* **PROBLEM DESCRIPTION**
Please print, exactly, only the lines in the entries below from the line that has "Ik zal nooit" through the line that has "2026 Women's Off-the-Shoulder". Pictures don't go in.

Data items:
┄┄┄┄┄┄
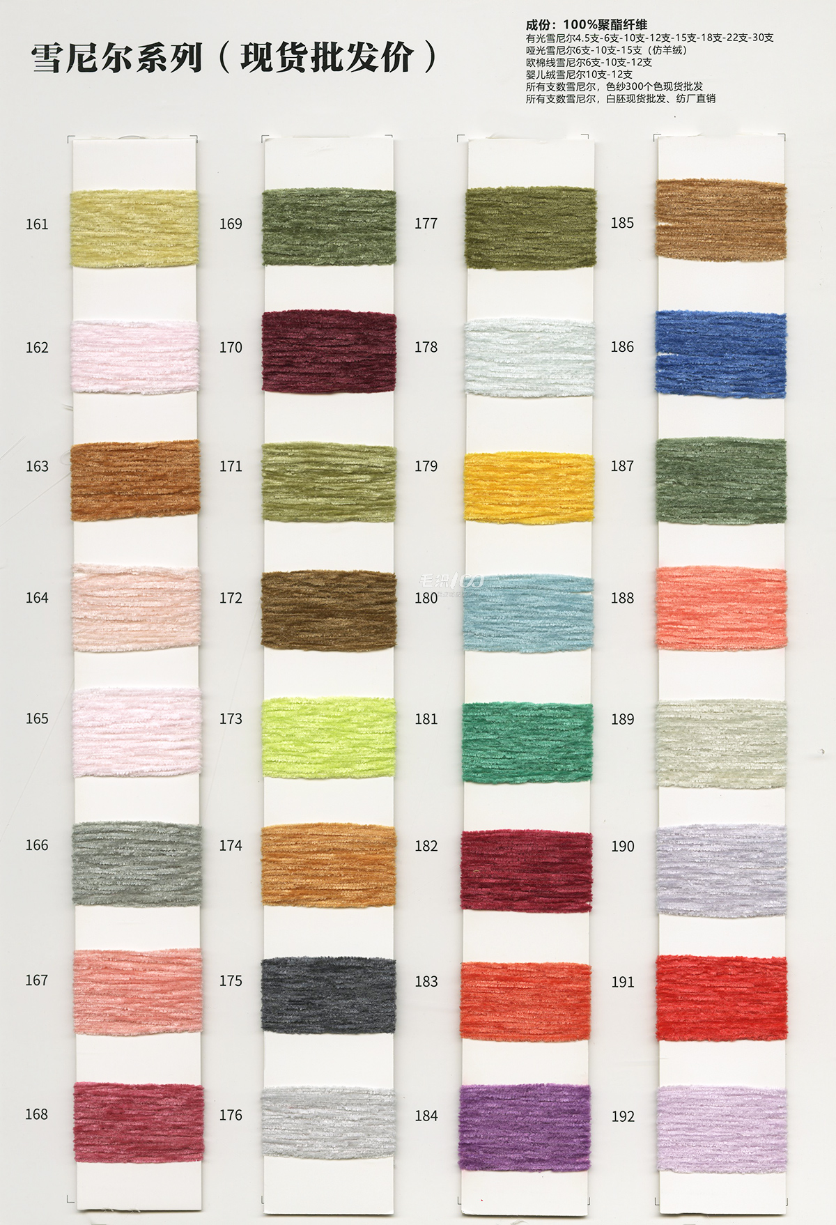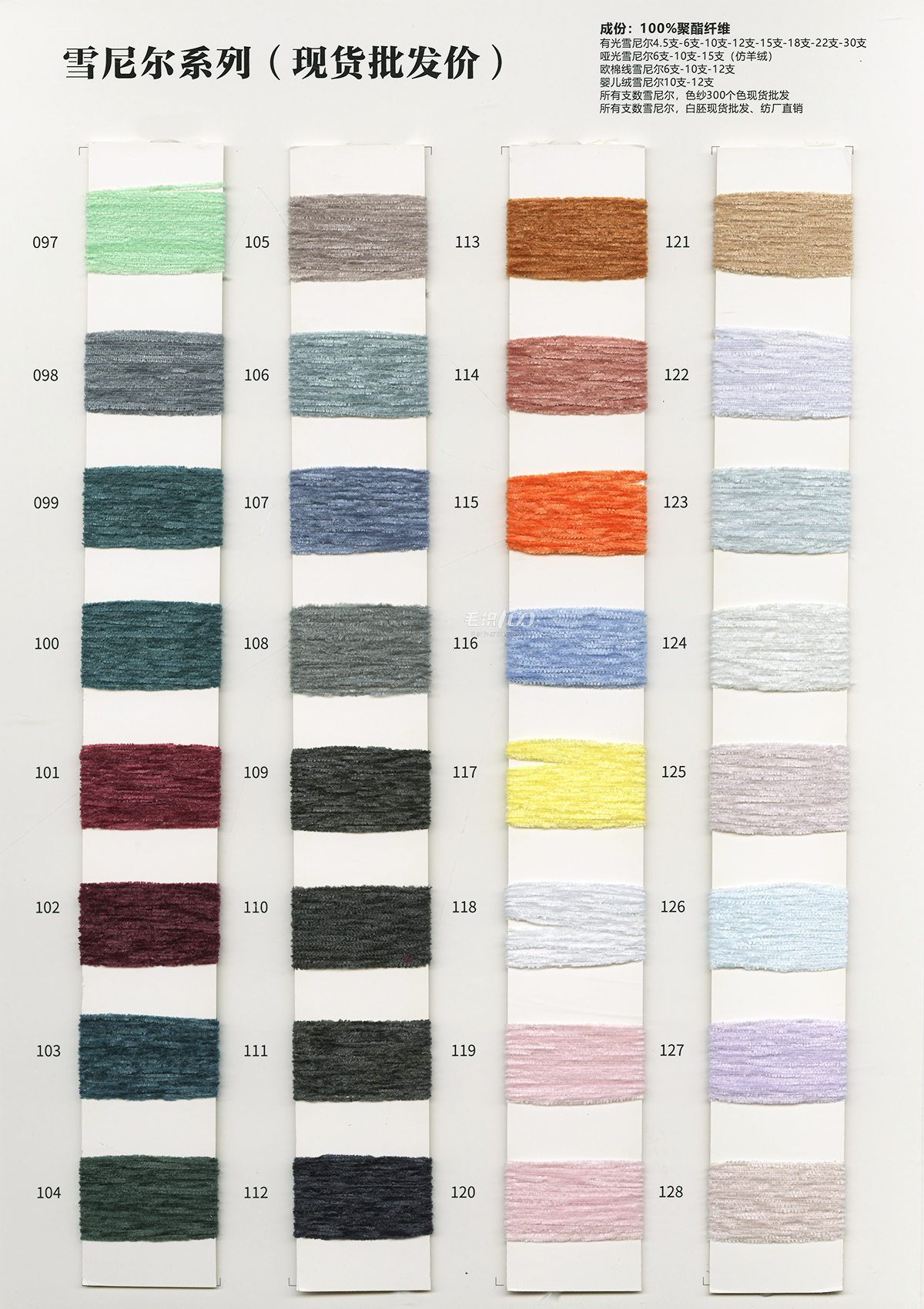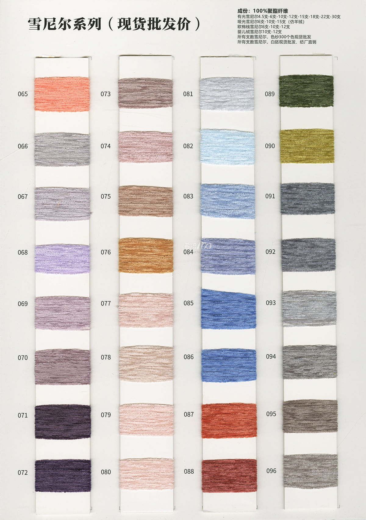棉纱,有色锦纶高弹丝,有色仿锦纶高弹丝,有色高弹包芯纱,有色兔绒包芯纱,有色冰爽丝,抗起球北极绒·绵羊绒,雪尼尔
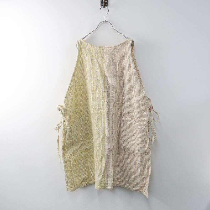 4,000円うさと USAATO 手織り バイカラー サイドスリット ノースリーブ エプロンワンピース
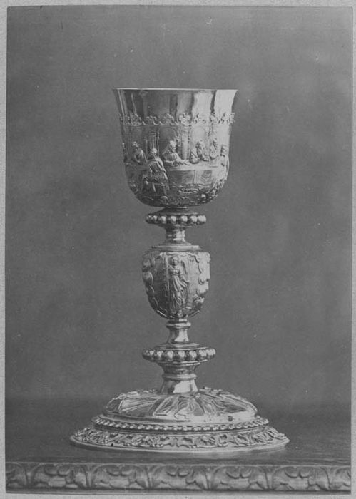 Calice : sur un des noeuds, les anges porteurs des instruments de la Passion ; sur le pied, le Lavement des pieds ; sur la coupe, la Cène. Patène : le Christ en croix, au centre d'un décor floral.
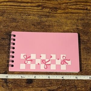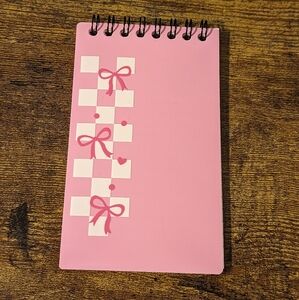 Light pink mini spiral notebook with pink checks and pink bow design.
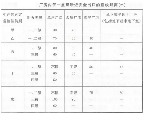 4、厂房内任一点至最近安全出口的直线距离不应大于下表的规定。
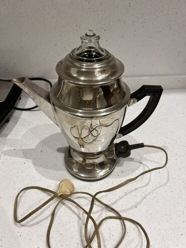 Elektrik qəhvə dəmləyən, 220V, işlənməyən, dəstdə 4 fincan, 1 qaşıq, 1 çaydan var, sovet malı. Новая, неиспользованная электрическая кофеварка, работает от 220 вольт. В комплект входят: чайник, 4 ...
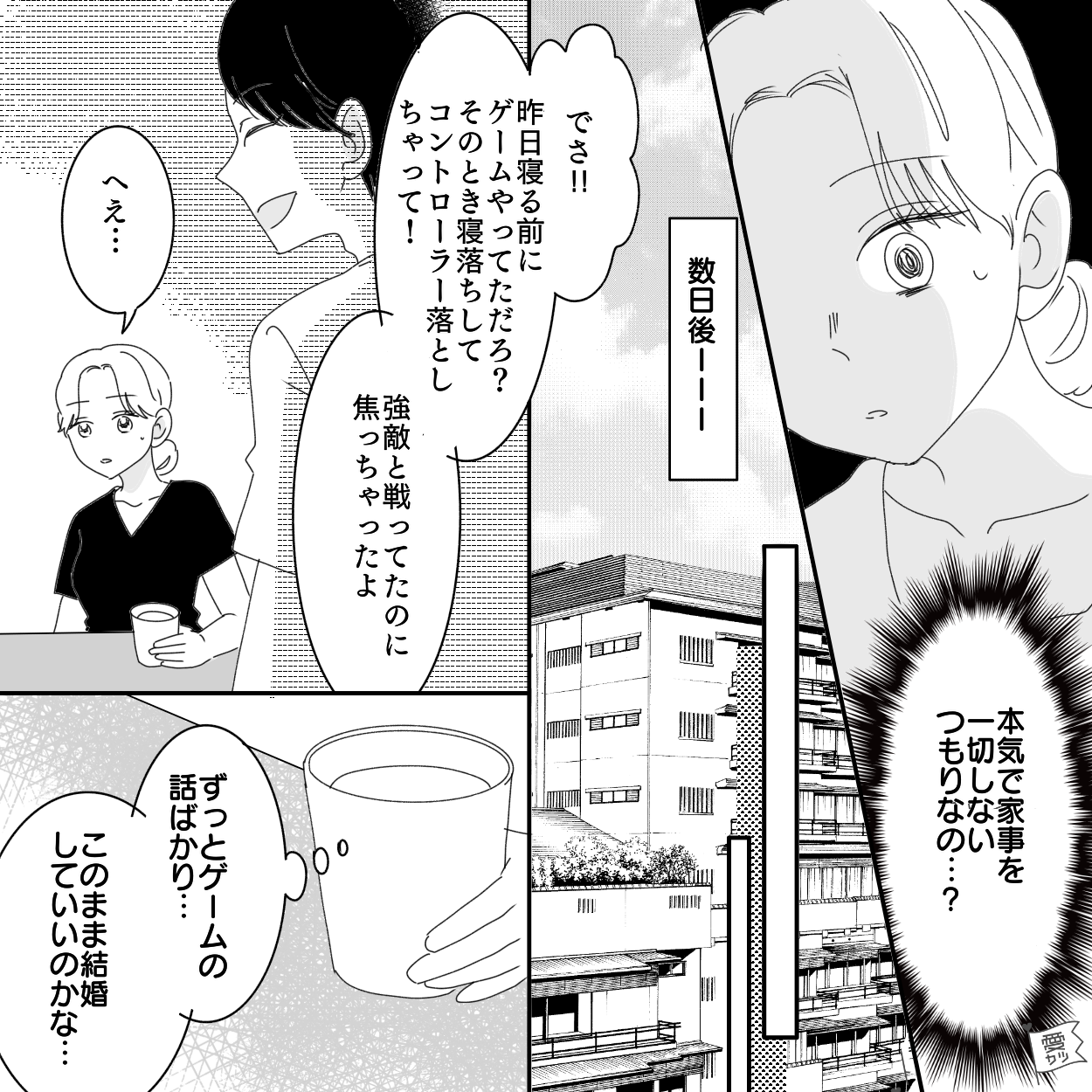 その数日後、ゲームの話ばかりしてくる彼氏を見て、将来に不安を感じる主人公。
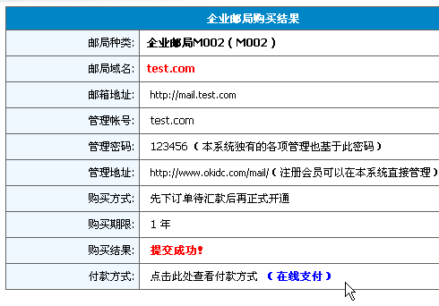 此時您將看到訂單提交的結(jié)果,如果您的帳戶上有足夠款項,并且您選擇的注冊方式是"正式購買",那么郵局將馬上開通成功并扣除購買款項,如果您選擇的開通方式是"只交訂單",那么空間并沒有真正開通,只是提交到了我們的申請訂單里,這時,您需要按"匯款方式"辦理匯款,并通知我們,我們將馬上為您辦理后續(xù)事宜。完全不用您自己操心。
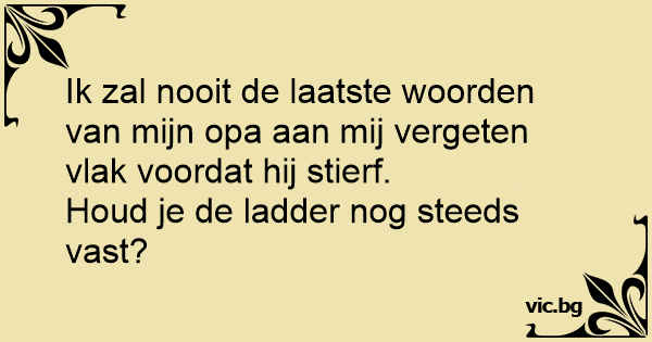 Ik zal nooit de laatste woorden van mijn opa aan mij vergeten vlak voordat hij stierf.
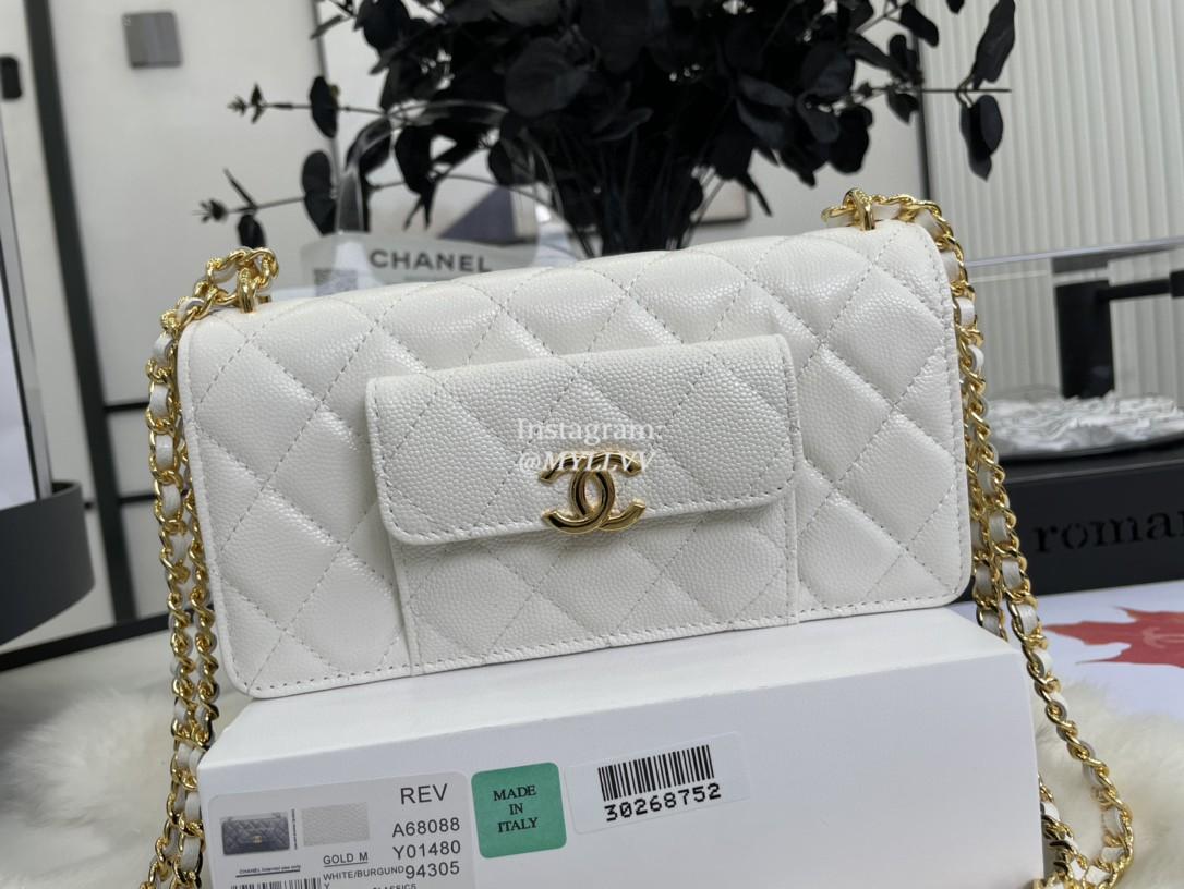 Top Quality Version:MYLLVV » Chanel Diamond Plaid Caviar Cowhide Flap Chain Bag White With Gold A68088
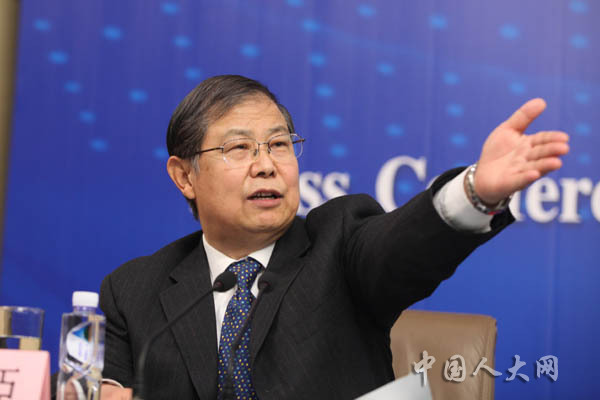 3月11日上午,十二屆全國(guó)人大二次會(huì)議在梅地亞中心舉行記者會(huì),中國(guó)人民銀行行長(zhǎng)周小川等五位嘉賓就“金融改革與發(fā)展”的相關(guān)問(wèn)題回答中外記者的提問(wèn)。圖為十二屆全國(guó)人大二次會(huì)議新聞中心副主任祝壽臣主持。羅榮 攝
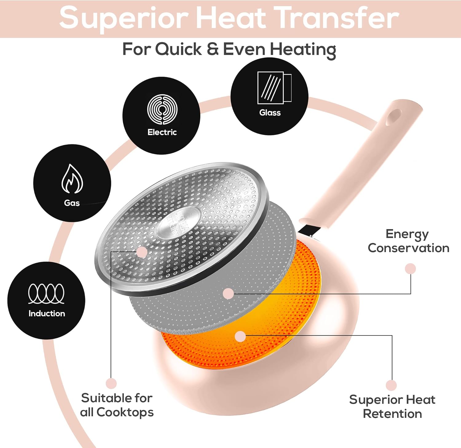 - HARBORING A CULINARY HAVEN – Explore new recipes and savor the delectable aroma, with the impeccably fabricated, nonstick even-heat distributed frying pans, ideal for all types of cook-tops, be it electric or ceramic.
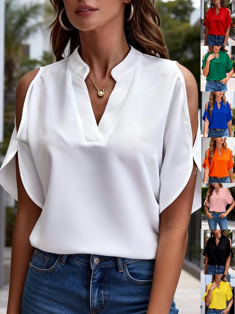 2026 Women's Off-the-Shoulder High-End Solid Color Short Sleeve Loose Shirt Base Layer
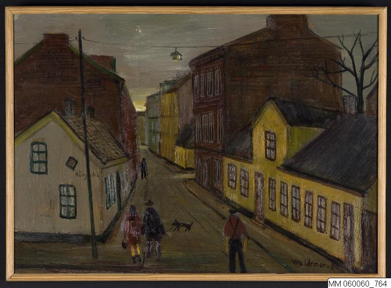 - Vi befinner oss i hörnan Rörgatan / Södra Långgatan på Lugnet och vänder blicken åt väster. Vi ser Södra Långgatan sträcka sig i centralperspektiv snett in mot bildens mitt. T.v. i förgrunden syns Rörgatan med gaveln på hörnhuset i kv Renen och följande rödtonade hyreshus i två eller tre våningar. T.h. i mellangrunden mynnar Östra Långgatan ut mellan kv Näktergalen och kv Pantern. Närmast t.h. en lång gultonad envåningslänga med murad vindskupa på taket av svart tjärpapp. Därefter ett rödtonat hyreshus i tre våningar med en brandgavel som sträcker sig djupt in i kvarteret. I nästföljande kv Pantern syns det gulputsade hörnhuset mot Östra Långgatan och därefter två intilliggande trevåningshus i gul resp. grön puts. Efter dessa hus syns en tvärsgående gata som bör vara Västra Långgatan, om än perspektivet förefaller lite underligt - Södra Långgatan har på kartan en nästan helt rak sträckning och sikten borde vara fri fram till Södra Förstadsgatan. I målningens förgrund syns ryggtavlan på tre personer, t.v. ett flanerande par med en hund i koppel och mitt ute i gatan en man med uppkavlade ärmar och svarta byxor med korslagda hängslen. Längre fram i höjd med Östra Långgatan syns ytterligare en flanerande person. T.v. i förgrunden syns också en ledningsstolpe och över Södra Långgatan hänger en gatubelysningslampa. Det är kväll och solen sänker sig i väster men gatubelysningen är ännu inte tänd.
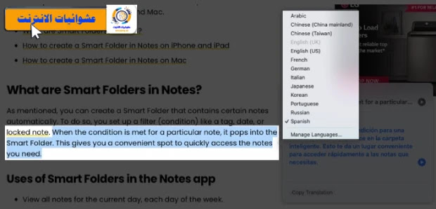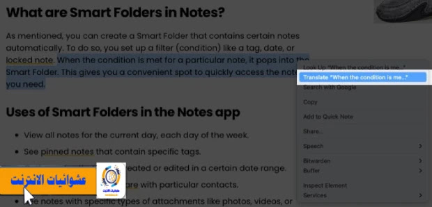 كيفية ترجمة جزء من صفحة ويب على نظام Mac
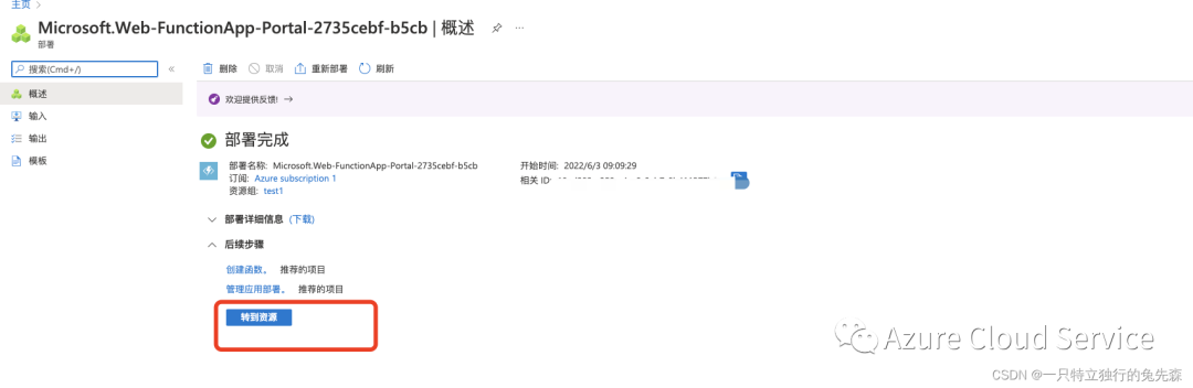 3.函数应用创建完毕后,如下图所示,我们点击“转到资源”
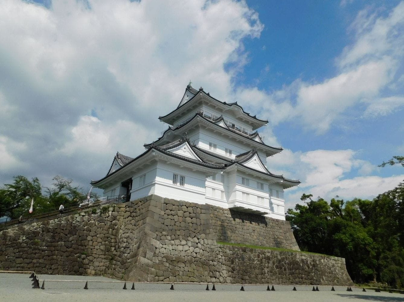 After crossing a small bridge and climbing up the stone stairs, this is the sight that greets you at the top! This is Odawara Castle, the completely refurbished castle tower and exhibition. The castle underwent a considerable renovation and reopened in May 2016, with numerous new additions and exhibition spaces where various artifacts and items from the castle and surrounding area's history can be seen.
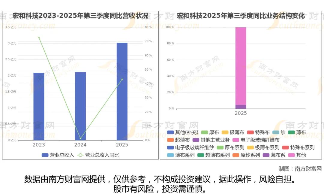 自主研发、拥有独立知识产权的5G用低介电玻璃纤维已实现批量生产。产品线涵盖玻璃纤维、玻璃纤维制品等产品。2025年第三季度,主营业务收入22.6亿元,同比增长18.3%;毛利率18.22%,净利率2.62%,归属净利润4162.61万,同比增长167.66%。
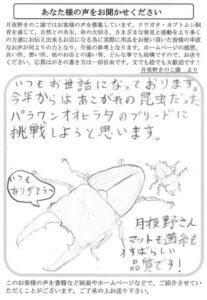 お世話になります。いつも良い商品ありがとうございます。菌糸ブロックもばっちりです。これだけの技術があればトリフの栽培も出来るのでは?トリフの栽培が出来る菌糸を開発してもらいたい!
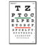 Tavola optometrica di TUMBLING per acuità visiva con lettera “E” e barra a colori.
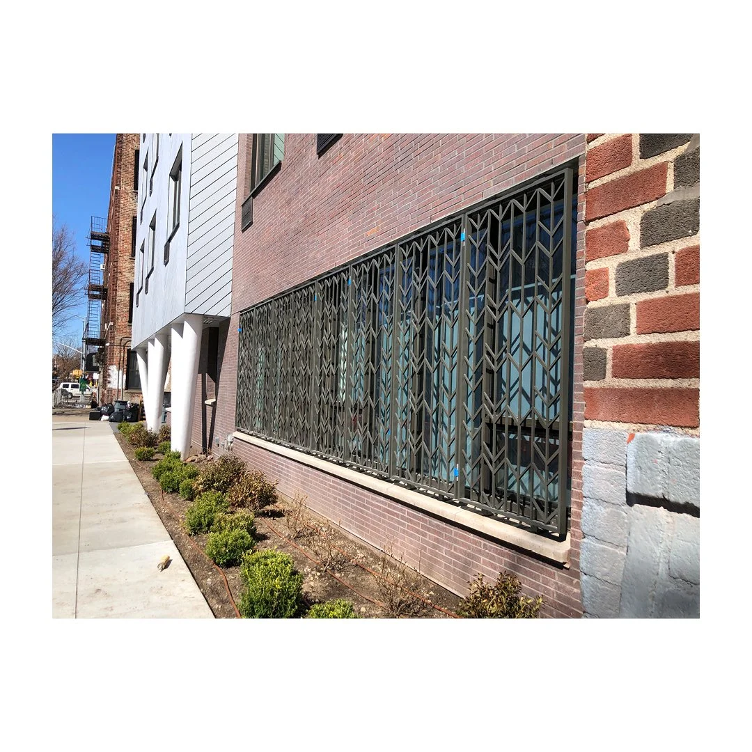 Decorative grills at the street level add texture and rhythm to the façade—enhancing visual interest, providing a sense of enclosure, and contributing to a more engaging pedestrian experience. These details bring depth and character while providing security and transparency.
┄┄┄┄┄┄
* **WRITTEN ANSWER**
 Ik zal nooit de laatste woorden van mijn opa aan mij vergeten vlak voordat hij stierf.
 Top Quality Version:MYLLVV » Chanel Diamond Plaid Caviar Cowhide Flap Chain Bag White With Gold A68088
 3月11日上午,十二屆全國(guó)人大二次會(huì)議在梅地亞中心舉行記者會(huì),中國(guó)人民銀行行長(zhǎng)周小川等五位嘉賓就“金融改革與發(fā)展”的相關(guān)問(wèn)題回答中外記者的提問(wèn)。圖為十二屆全國(guó)人大二次會(huì)議新聞中心副主任祝壽臣主持。羅榮 攝
 - HARBORING A CULINARY HAVEN – Explore new recipes and savor the delectable aroma, with the impeccably fabricated, nonstick even-heat distributed frying pans, ideal for all types of cook-tops, be it electric or ceramic.
 2026 Women's Off-the-Shoulder High-End Solid Color Short Sleeve Loose Shirt Base Layer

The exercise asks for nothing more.